April has also made an issue that the night was not billed as karaoke night, as previously reported, a complaint Snyder had little patience for. “Many of their members indicated it was their karaoke night. We discovered later this week that instead of a machine that people sang along with it was their singer performer,” he said in a text, confirming that people were singing with Kohn. “The bottom line is the same: their negligence in caring for others and complacent has led to numerous cases and suffering for many families.” He added: “Gloria kept making a big deal about the Karaoke reference but that is what we were told by members…such petty point given the horrible outcome of what they failed to do in protecting fellow human beings.”

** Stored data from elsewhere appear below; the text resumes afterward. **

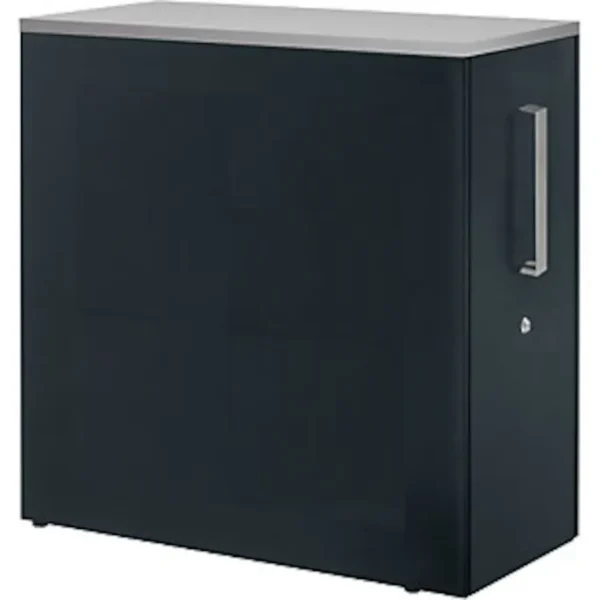 Hochauszugschrank, Thekenelement rechts stehend, Höhe 1025 mm, anthrazitgrau. Anlieferung = montiert. Höhe = 1025 mm. Breite = 432 mm. Tiefe = 800 mm. Utensilienschub = ja. Auszug Materialschub = Vollauszug. Innenmaße Materialschub HxBxT = 882x368x698 mm. Produkttyp = Standcontainer. Material = Stahlblech, pulverbeschichtet. Korpusfarbe = anthrazitgrau RAL 7016. Schubladenmaterial = Stahl. Schubladenfarbe = anthrazitgrau RAL 7016. Schubladentraglast = 40 kg. Schubladenführung = mit kugelgelagerten Teleskopauszügen. Eigenschaft = verschließbar. Plattenstärke = 25 mm. Schrank, Trennwand und Rollcontainer in einem. Akustisch wirksame Seitenwände. Auszug auf hochwertiger Schubladenführung mit Selbsteinzug und Dämpfung. Inkl. 2 Fachböden, 1 Materialschale und separat abschließbarem Privatfach. Wahlweise 2,5 oder 3 Ordnerhöhen. Zusätzlichen Stauraum schafft der Hochauszugschrank mit stabilem, geschweißtem Stahlkorpus. Akustisch wirksam. Tiefe 800 mm. Hochwertige Pulverbeschichtung. Mit Bügelgriff und 25 mm starker Abdeckplatte aus Kunststoffschichtstoff. Thekenelement rechts stehend, Auszug nach links offen, Front Stahl mit Bügelgriff, Schublade serienmäßig mit Selbsteinzug und Dämpfung. Montierte Anlieferung. Praktische Kleinschublade auf Anfrage.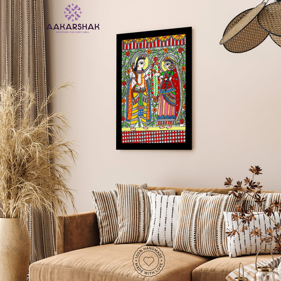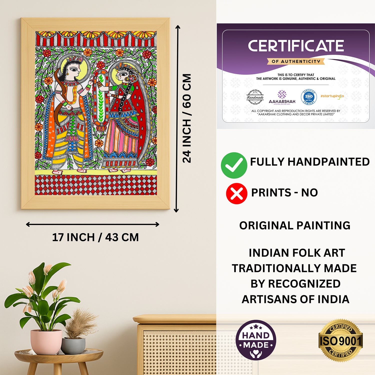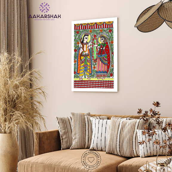 Handmade Ram Sita Madhubani Painting Wall Decor 17x24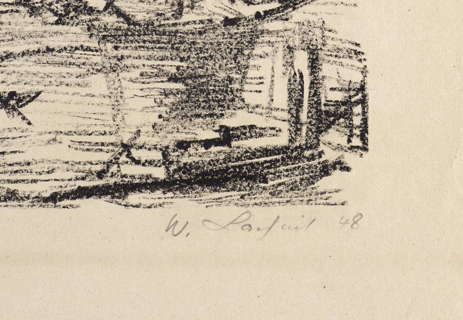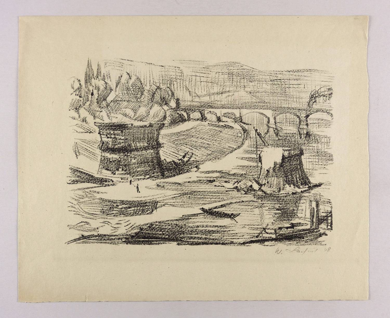 1948. Lithografie / Kreidelithografie, in Schwarz, auf festem steingrau getöntem Velinkarton. – Originale Künstlergrafik, von Wilhelm Lachnit. – 28,5 x 40,0 cm (Darstellung / Druckbild), 44 x 53 cm (Blatt).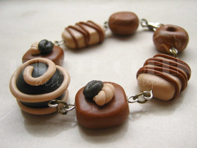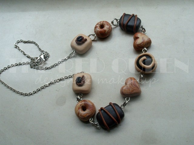 As the name states, this collection was inspired by different pralines. I created the bracelet first, after which I got an order to create some more items - all for the same person. The order included the bracelet, necklace and earrings. The person who ordered them likes warm, neutral tones so I just played with those shades of polymer clay.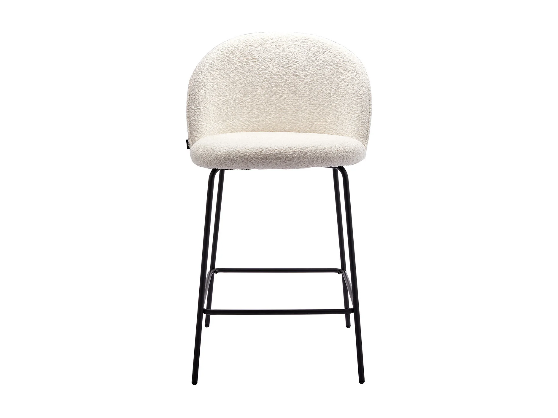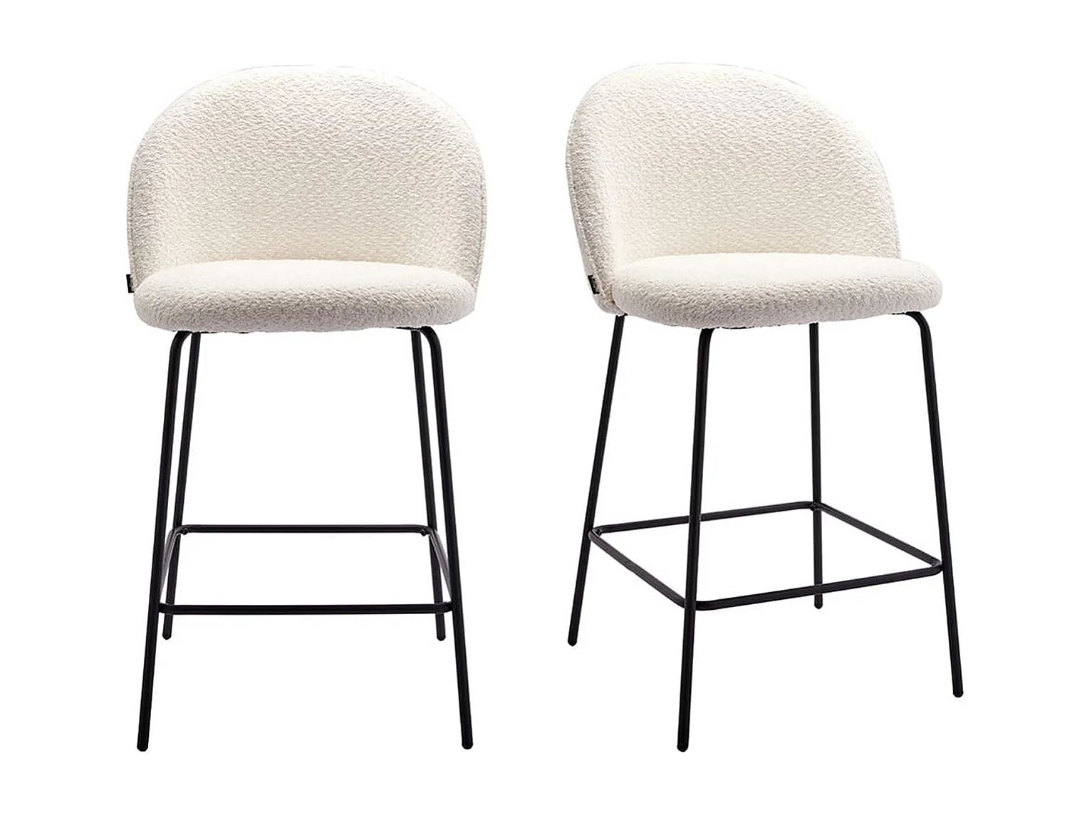 Lot de 2 tabourets de bar en tissu bouclette écru, piètement noir - Alta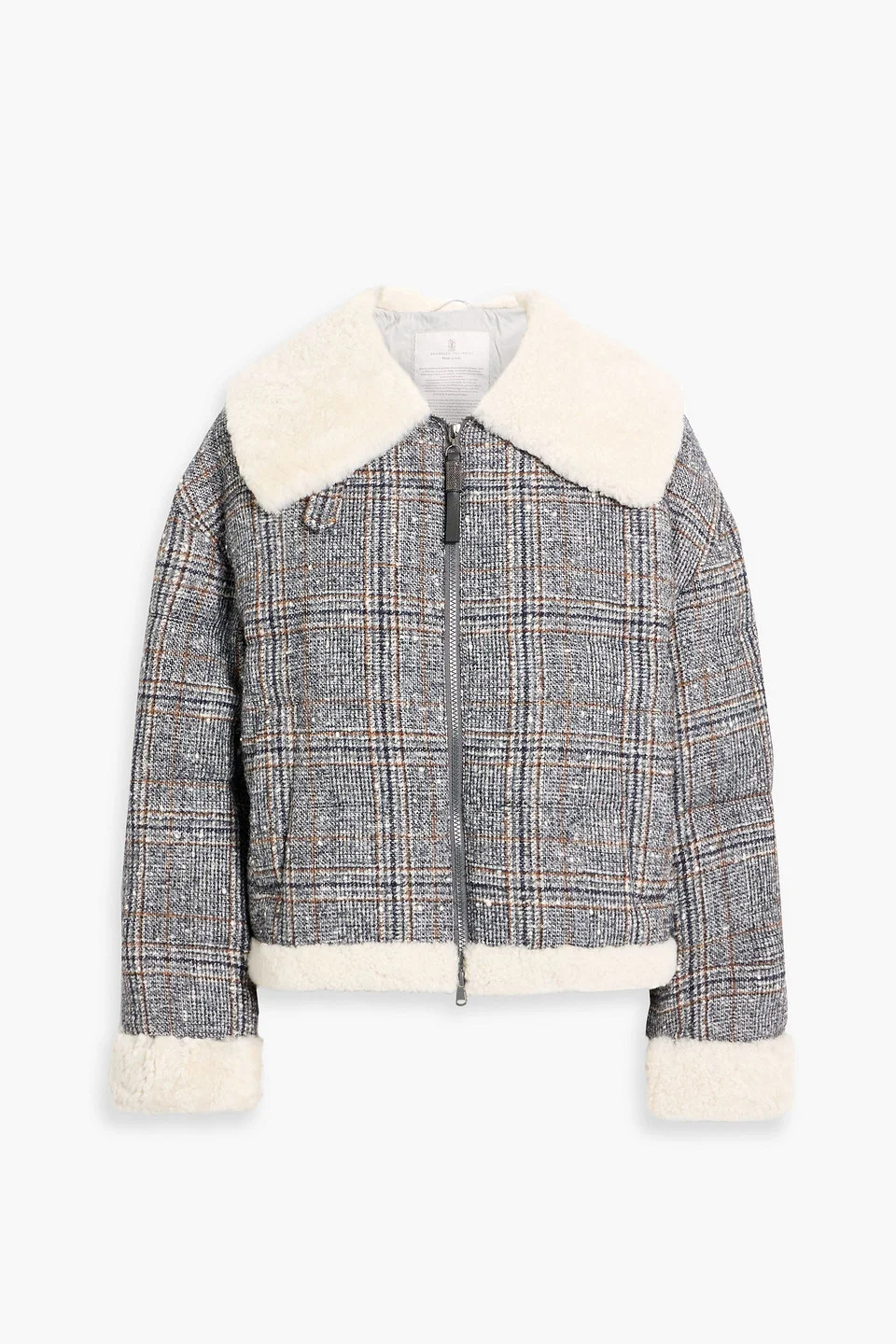 Jacket checked quilted wool-blend tweed bead embellishment shearling trim front welt pockets buckle fastening at neck two-way zip fastening through front goose down and feather filling fully lined mid-weight, non-stretchy fabric dry clean made in italy 63% Wool 25% Alpaca wool 12% Polyamide Product Code 46376663163049073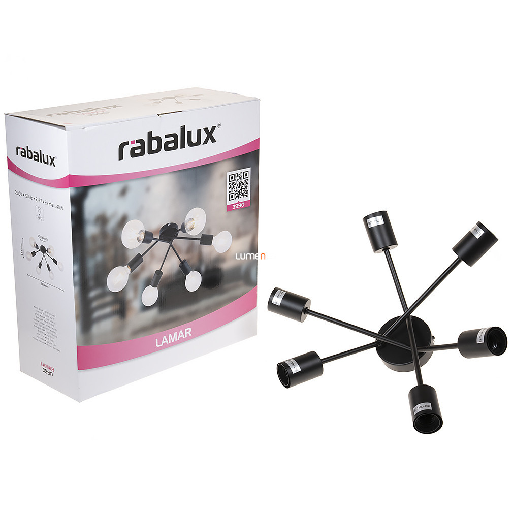 Candelabrul Rábalux 3990 Minimal în culoare neagră are șase socluri E27, astfel încât poate fi utilizat cu surse de lumină înlocuibile. Corpul de iluminat este fabricat din metal, ceea ce asigură durabilitate și un aspect modern. Are un grad de protecție IP20, fiind potrivit pentru utilizare în interior. Candelabrul are o lățime de 380 mm, o înălțime de 155 mm și o greutate de 1,4 kg. Produsul nu include o sursă de lumină; luminozitatea și culoarea luminii depind de becul utilizat. Lampa nu este reglabilă, iar designul său simplu și curat se potrivește interioarelor minimaliste. Dimensiunile ambalajului sunt: 18 cm lățime, 41 cm lungime și 45 cm înălțime.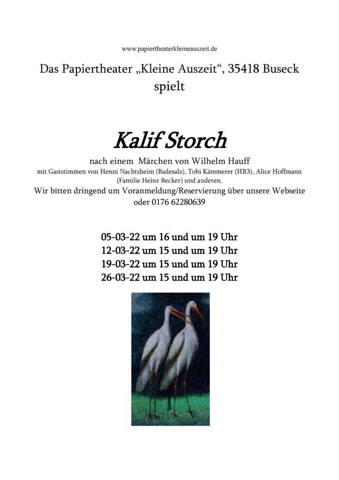 Am vergangenen Samstag, 05.03.22 war es endlich soweit. Susanne und Stefan Schweig luden zu zwei Vorstellungen in ihrem neuen Papiertheater „kleine Auszeit“ ein. Zu sehen gab es „Kalif Storch“. Die Resonanz war überwältigend. Sie blickten nach den Vorführungen in zufriedene Gesichter und auch der andauernde Applaus bezeugte dies.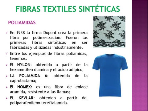 En 1938 la firma Dupont crea la primera fibra por polimerización. Fueron las primeras fibras sintéticas en ser fabricadas y utilizadas industrialmente. Entre los ejemplos de fibras poliamidas, tenemos: El NYLON: obtenido a partir de la hexametilen diamina y el ácido adipico; LA POLIAMIDA 6: obtenida de la caprolactama; El NOMEX: es una fibra de enlace aramida, resistente a las llamas; EL KEVLAR: obtenido a partir del poliparafenileno tereftalamida.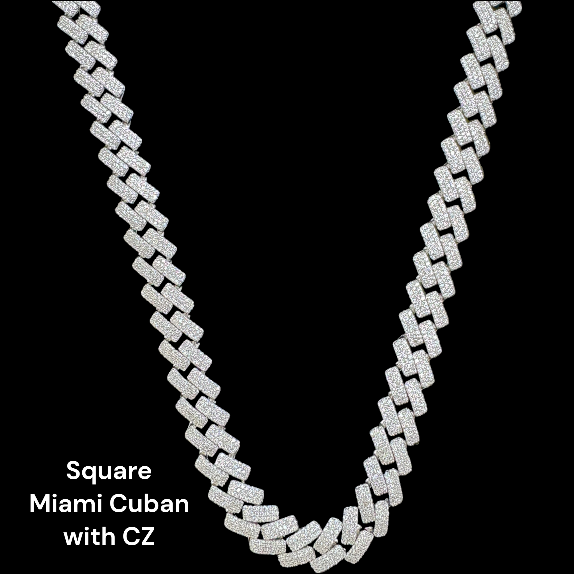 Sterling Silver Square Miami Cuban CZ Necklace Login to see pricing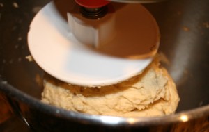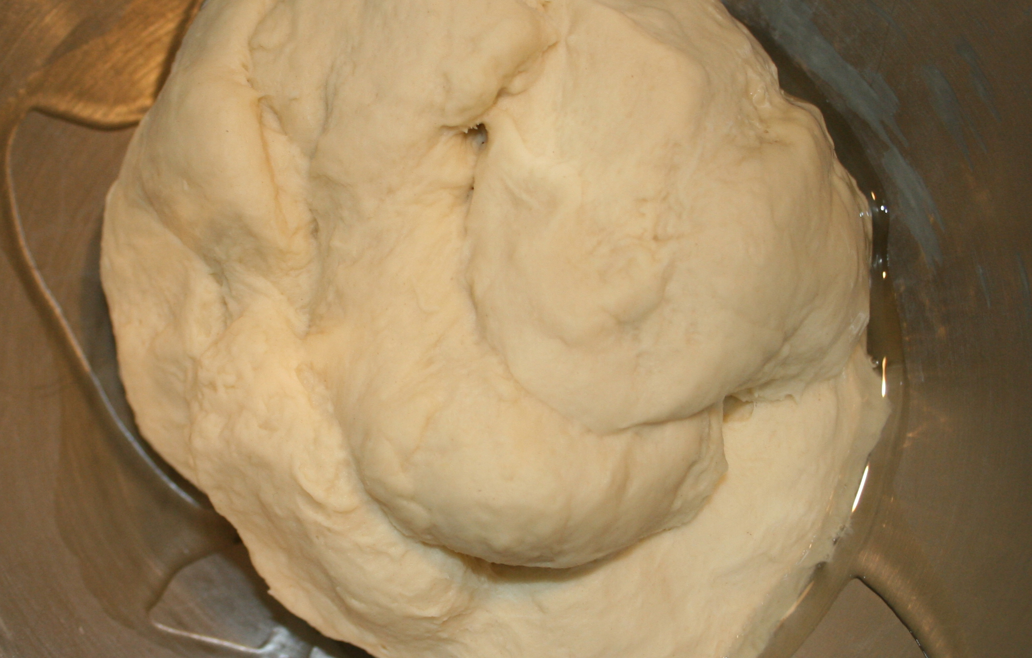 Next, you’ll want to prep another mixing bowl by greasing its sides with oil. I used sunflower oil, but vegetable oil would work too. Olive oil might be interesting to try as it may impart a little more of its flavor than the others. In any case, once the dough has come together in a ball I detach my bowl from the mixer. Then I sprinkle a little oil around it’s circumference.

Now, April said, apparently in a change of approach, “we make people put their mask on. If they don’t like it, they have to leave. We have also mandated that we’re staying at 50 percent. Some of our members do not like that, but we will be staying at 50 percent. We are very sorry that any of this happened. I don’t know what else we can do to prevent.”
Meanwhile after the latest spike in September, Flagler County ended last week with 58 new infections, the lowest number of new infections in a seven-day period going back to the week ending June 27, when the summer surge was just beginning. It was also the week with the lowest number of covid-19 tests since the week of June 20.
The number of covid-related deaths in Flagler has risen to 28, with a 48-year-old man confirmed to have died on Sept. 28, according to the Florida Health Department, making him the youngest person to have died of the disease in the county to date. AdventHealth Palm Coast today was reporting 10 individuals at the hospital with a primary diagnosis of covid-19, according to the Agency for Health Care Administration.